Vistos los preceptos legales citados y los demás de general y pertinente aplicación.
Fallo
Que estimando en parte los recursos interpuestos por la Procuradora Doña Remedios Soto Pardo, en nombre y representación de la COMUNIDAD DE PROPIETARIOS RESIDENCIAL DIRECCION000 de El Puerto de Santa María, y por el Procurador Don Pablo Silva Bravo, en nombre y representación de VALLEHERMOSO DIVISIÓN PROMOCIÓN, S.A., contra la sentencia dictada el día 23 de mayo de 2005 por el Ilmo. Sr.
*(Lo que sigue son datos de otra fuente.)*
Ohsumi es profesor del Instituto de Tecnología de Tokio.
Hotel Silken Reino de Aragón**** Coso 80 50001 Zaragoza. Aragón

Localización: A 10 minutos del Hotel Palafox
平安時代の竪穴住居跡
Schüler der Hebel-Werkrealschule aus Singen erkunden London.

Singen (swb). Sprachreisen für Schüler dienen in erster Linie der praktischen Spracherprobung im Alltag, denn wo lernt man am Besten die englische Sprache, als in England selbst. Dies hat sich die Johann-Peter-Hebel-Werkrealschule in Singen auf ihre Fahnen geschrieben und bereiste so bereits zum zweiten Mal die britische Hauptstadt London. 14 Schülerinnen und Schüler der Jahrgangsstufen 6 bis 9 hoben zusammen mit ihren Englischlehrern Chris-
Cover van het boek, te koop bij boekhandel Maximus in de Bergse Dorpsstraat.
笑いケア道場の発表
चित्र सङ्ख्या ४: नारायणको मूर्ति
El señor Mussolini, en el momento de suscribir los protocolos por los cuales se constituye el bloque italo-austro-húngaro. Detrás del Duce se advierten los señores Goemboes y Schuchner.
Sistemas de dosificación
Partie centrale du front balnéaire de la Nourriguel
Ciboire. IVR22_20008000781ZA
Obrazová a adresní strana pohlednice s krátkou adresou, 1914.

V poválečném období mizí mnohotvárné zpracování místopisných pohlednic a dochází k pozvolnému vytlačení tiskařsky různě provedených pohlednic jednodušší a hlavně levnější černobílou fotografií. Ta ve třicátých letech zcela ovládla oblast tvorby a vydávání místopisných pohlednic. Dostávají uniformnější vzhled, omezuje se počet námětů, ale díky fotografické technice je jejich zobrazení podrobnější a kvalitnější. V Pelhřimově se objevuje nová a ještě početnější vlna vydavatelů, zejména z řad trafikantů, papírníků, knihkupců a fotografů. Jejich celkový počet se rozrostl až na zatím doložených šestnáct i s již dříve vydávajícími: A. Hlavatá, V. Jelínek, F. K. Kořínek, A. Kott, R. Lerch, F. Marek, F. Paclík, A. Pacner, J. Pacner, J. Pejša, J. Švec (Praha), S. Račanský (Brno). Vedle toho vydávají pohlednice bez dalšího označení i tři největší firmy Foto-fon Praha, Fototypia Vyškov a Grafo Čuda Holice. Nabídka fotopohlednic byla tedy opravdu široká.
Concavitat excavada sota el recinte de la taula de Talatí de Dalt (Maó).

Magistrado del Juzgado de Primera Instancia nº 19 de Sevilla, debemos revocar y revocamos parcialmente dicha resolución, modificándola con respecto a los siguientes apartados del informe pericial de la actora:
Apartado 2.5.1.- Se condena a la demandada a instalar itinerarios peatonales pavimentados desde la puerta de entrada al recinto de la piscina, al vaso y aseos de la misma, sustituyendo las losas por un pavimento antideslizante y reparando el acerado perimetral. Se mantiene la obligación de instalar un lavabo adaptado a minusválidos y se deja sin efecto la obligación de corregir los desniveles en el área del césped.
Apartado 2.5.2 G).- Se condena a la demandada a adaptar las cabinas de ascensores a uso de los minusválidos, instalando pasamanos y colocando la botonera a la altura reglamentaria.
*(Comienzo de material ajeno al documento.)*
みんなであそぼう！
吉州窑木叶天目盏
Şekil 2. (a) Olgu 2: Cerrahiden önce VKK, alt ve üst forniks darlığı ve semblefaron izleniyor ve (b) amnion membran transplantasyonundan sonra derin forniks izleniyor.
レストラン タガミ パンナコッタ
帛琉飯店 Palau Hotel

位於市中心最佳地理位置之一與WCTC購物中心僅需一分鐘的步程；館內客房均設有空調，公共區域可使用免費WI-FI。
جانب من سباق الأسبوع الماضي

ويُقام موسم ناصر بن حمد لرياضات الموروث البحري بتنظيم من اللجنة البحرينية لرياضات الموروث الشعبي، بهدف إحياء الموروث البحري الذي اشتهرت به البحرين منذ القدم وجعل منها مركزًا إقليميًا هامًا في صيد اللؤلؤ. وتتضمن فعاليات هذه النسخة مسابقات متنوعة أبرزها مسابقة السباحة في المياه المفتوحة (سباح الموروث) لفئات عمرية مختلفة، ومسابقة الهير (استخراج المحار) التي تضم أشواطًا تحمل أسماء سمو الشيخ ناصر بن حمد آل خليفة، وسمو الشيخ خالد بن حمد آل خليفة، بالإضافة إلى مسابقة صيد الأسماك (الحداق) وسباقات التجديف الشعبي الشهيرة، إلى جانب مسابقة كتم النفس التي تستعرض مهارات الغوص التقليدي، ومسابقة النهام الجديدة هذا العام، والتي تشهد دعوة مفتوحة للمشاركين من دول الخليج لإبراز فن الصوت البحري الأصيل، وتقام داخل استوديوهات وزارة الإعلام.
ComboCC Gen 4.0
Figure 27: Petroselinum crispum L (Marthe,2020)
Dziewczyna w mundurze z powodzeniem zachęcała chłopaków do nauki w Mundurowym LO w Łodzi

Apartado 2.5.2 H).- Se condena a la demandada a que suprima el bocel de las escaleras de evacuación del garaje, de modo que queden el número de salidas de evacuación de emergencia mínimo que exige la normativa completamente adaptadas a la misma.
Apartado 2.6.2 D).- Se condena a la demandada a que lleve a cabo el solado con baldosas de 40 x 40 de piedra artificial de los vestíbulos de los ascensores en planta sótano.
Apartado 2.6.3 H).- Se condena a la demandada a que lleve a cabo el acristalamiento con luna pulida flotada incolora a 6 mm.
Apartado 2.6.3 J).- Se condena a la demandada a que coloque maleteros en los frentes de armario empotrados.
Apartado 2.7.1 D).- Se condena a la demandada a que repare las fisuras existentes en el revestimiento de los paramentos exteriores de los castilletes.
Apartado 2.7.1 G).- Se condena a la demandada la sustitución del cerramiento de los jardines por otro que esté correctamente galvanizado y presente la adecuada resistencia a la oxidación.
Apartado 2.6.3 G).- Se condena a la demandada a que abone por este apartado la cantidad de TREINTA Y SEIS MIL CINCUENTA Y OCHO EUROS CON OCHENTA Y SIETE CENTS (36.058,87 €).
Se mantienen los demás pronunciamientos de dicha resolución en lo que no se opongan a lo anterior.
No ha lugar a realizar especial imposición de las costas procesales de esta alzada, debiendo cada parte sufragar las causadas a su instancia, y las comunes por mitad.
Devuélvanse a su tiempo las actuaciones originales al Juzgado de donde proceden, con certificación literal de esta Sentencia y despacho para su cumplimiento.
Así por esta nuestra Sentencia, de la que se llevará testimonio al Rollo de Sala, lo pronunciamos, mandamos y firmamos.
PUBLICACIÓN
Leída y publicada fue la anterior sentencia por el Ilmo. Sr. Magistrado que ha sido ponente en estos autos estando celebrando audiencia pública ordinaria la Sección Quinta de esta Audiencia en el día siguiente hábil al de su fecha.
DILIGENCIA.- Seguidamente se contrae certificación de la anterior sentencia y publicación en su rollo, doy fe.